Many social media platforms use cookies for various purposes. This can include necessary functionality but often includes usage for data-analysis and marketing. Under GDPR regulations if a website uses anything more than strictly necessary cookies created by the website itself, user consent is required.
There are some technical tools to prevent loading cookies from third party websites. Sometimes websites like
YouTube offer a way to embed content without cookies f.ex. over a different domain like youtube-nocookie.com.
In other instances embedded content doesn't create cookies, or it can be prevented by other technical means.
All embedded content is embedded from www.youtube-nocookie.com not from www.youtube.com directly.
The iframe used to show the YouTube video is also loaded with the sandbox mode
enabled, only allowing allow-scripts to allow the execution of JavaScript from YouTube and the allow-same-origin
which is required to load the video in the iframe at all. The allowfullscreen="allowfullscreen" attribute is also
set to allow YouTube to display the video in Fullscreen on mmbd.io.

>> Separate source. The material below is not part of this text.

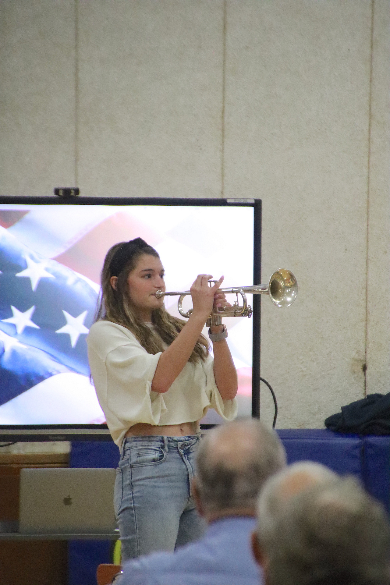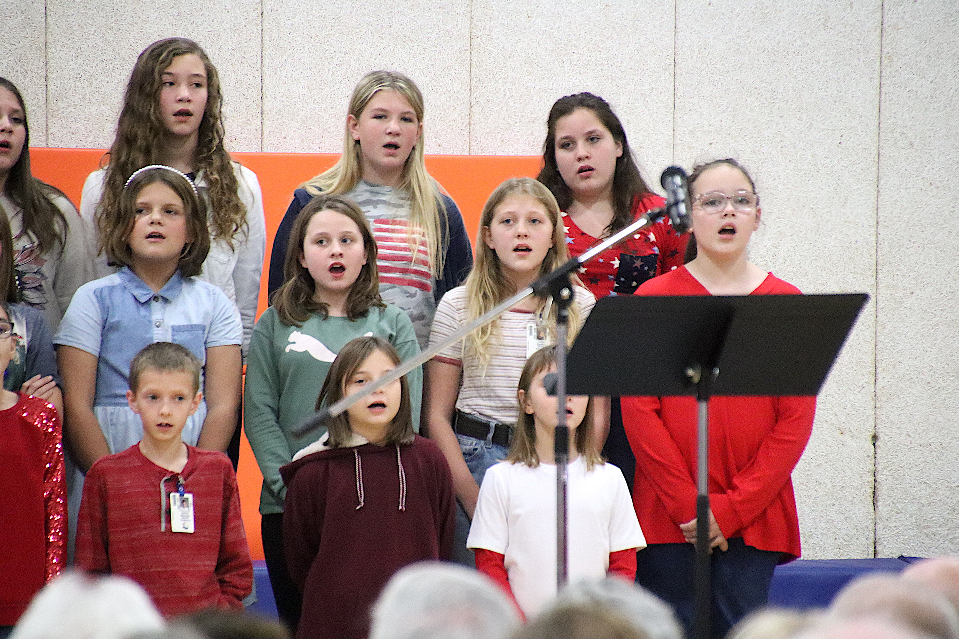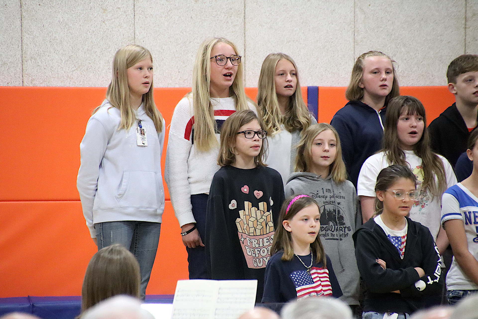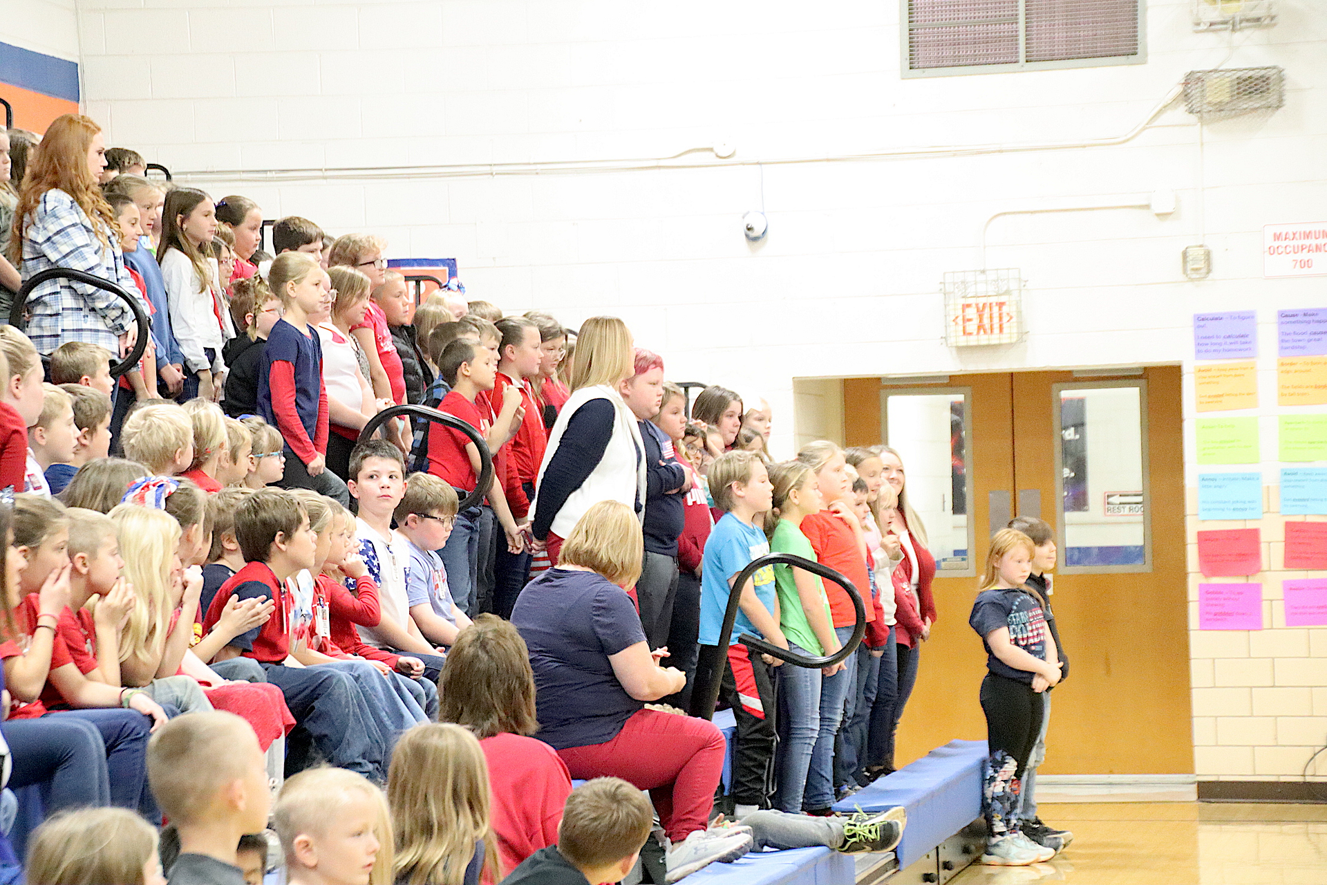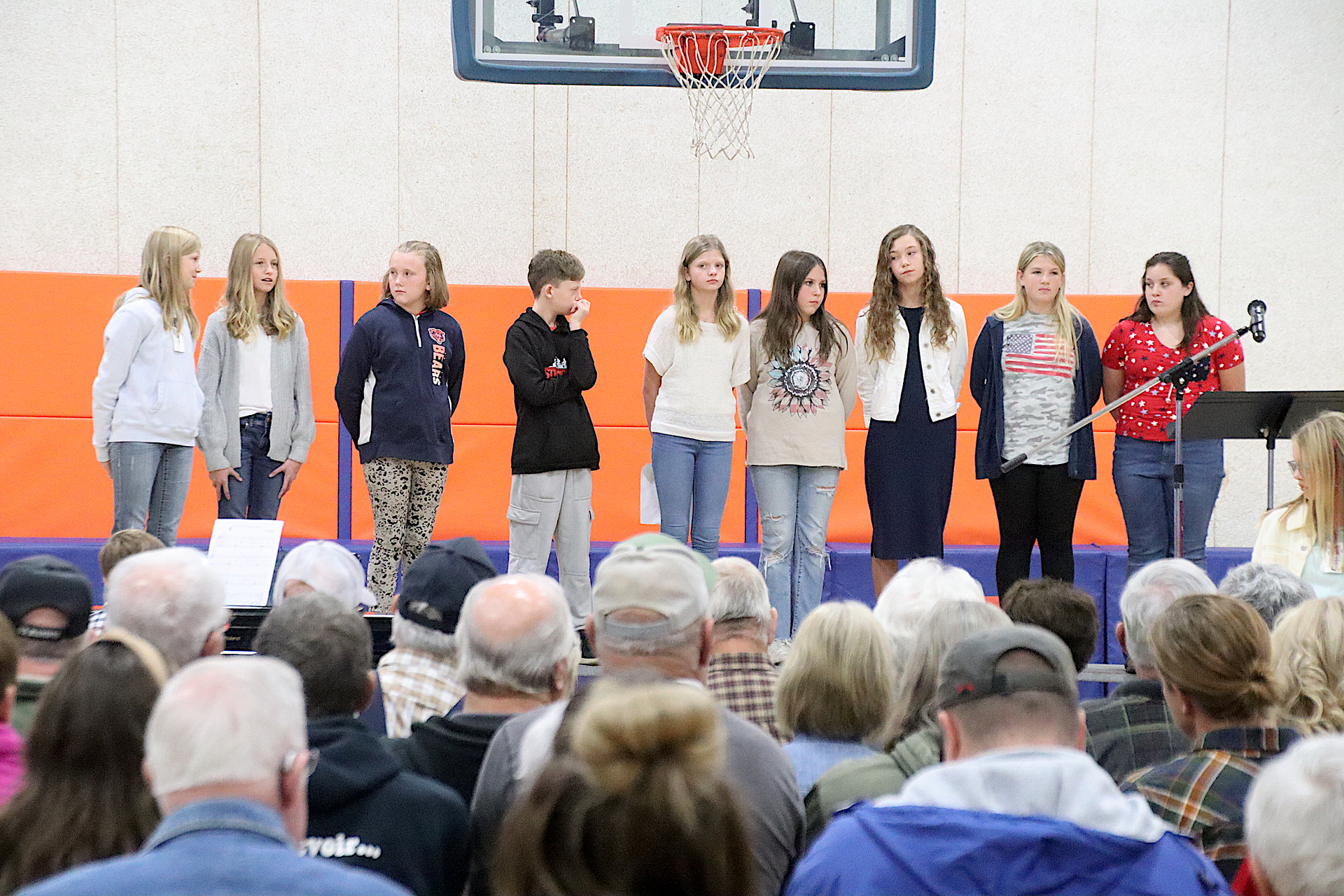 The Newton Elementary Chorus members performed the Star Spangled Banner. Aria Collins, 5th grade gave a warm welcome to all in attendance. Shen Guzman and Lilly Cobble from 5th grade orally presented thank you letters to the veterans. “God Bless America” was performed by the NES chorus. Additional thank you letters were read by Nicole Kuhl and Chance Tracy both sixth graders. The third grade class sang “You’re a Grand Old Flag” with Natalie Briscoe, 6th grade, read the meaning of Veteran’s Day. The fourth grade class sang “The Flag Goes By”. Cora Warfel, 6th grader, honored and recognized the veterans. Taps was played by NCHS Junior Ella Radke and Braidyn Sparkling, 6th grader, closed the ceremony.
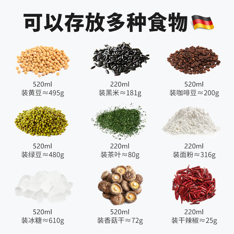 German food grade sealed jars 5 grain cereal storage jars for home transparent with lid tea dry goods small containing box

We have to admit... we use cookies too. But hold on, it's not what you think.
We only use 2 Cookies strictly necessary for functionality or security.
The mmbdio_session (necessary functionality) cookie and the XSRF-TOKEN (security) cookie.
mmbdio_session cookieThis cookie stores information about your "session". Your "session" stores important context between visits of different pages of mmbd.io. For example if you create a new link, you are redirected to the mmbd.io/post/success page. On this page a link is displayed to share your media. This link is passed as a "flash message". The "flash message" is temporarily stored in your session. The "flash message" is deleted right after the mmbd.io/post/success page is loaded. To be able to identify your session this cookie is used in combination with your public IP address and your User Agent.
XSRF-TOKEN cookieThis cookie exists for security purposes. The value stored in this cookie prevents so called "CSRF" or "Cross-Site Request Forgery" Attacks. Without this cookie, someone could impersonate you and send requests from another website to mmbd.io without your knowledge.